Well of course, they're different trade-offs. Here we don't care about flexibili...

glangdale · on May 26, 2017

1 cycle per byte is pretty good, and its properties might be very nice for small strings.

Assuming you can prep everything in advance, the SIMD version is 3 loads and about 5 SIMD operations (1 shift, 2 PANDs, 2 PSHUFBs) and a couple transfer/scan operations (PMOVMSKB and whatever bit scan operation you want) to eat 32 bytes. I'm figuring 10 operations. Depending on your workload you might care about reciprocal throughput or latency. Generally our work has been more throughput oriented so those 10 operations can be scheduled along with lots of others, but this isn't always the case.

The other way SIMD (or for that matter bit-twiddling) can be helpful is that you can cover a wider variety of sizes in a branch-free fashion, so if your sizes are distributed <32 bytes (or <8 for bit-twiddling) the code can be straight line with no branch misses.
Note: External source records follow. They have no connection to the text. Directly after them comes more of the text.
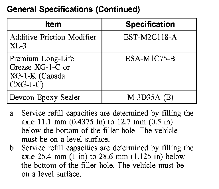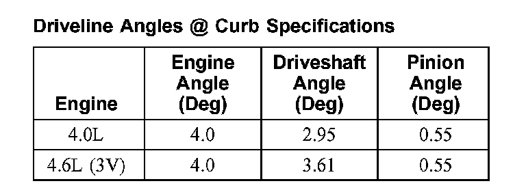 Driveline Angles @ Curb Specifications: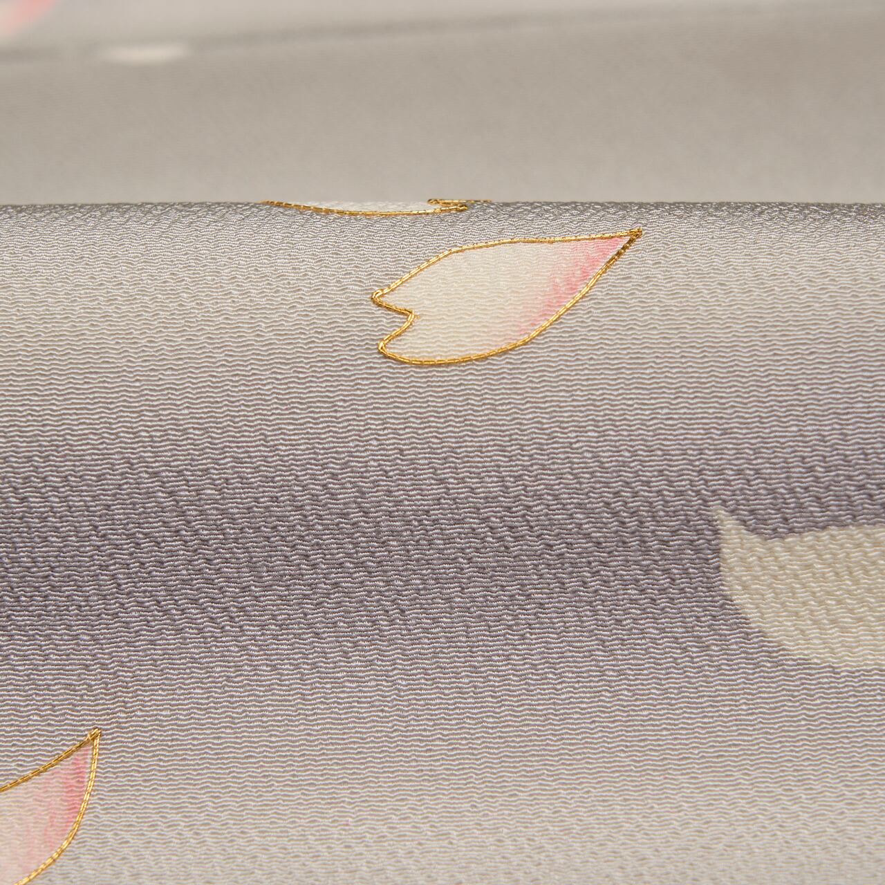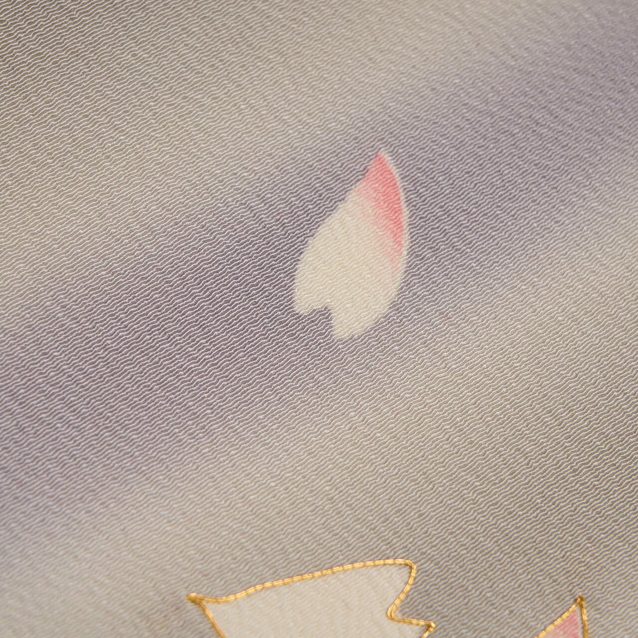 少しシボのあるちりめんの生地が、灰黄緑色のとても淡いグレーをベースに、薄鼠色の薄紫と、緑味のあるグレー・青白橡色の横段が霞のように暈しで染められ、そこにはらはらと舞う生成り色の桜の花びらが散らされて、それにも暈しで紅を挿したような紅紅梅色が染められ、金駒刺繍も施された、とても風情のある素敵な九寸名古屋帯です。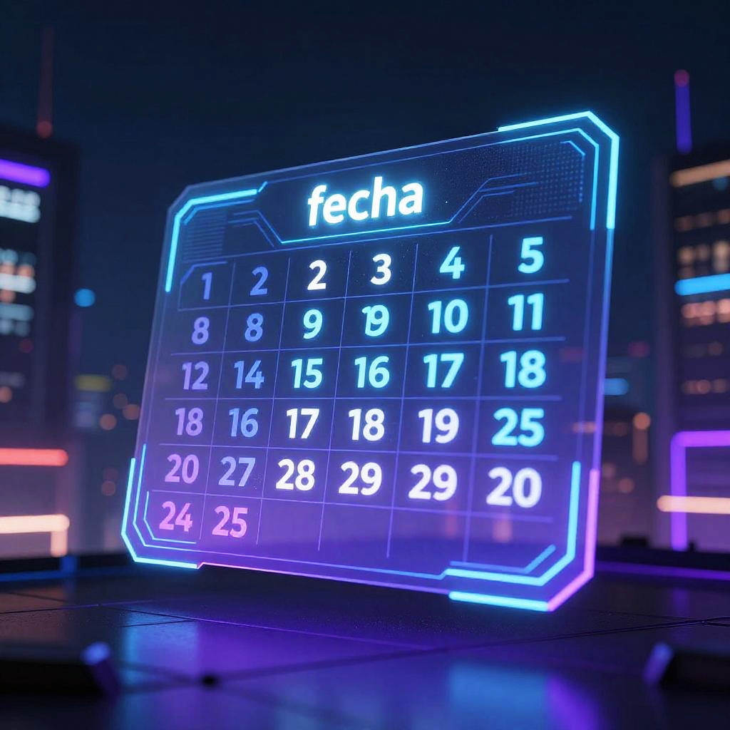 Futuristic digital interface displaying an interactive fecha (date) calendar, holographic numbers floating in midair, neon blue and purple colors, sleek cyberpunk city background at night, dynamic and glowing elements, sci-fi aesthetic.

So a SIMD version of the code might be "slower" than a bit-twiddling version even if both sides always get 9 bytes, but if it's a mix of sizes and thus unpredictable, it might take fewer branch misses (unless some clown starts giving you 33 byte inputs half the time, of course).

Again, benchmark data is always a good cure for folkloric beliefs whether pro-SIMD ("SIMD is always fast, yay!") or anti-SIMD ("the overheads are never worth it").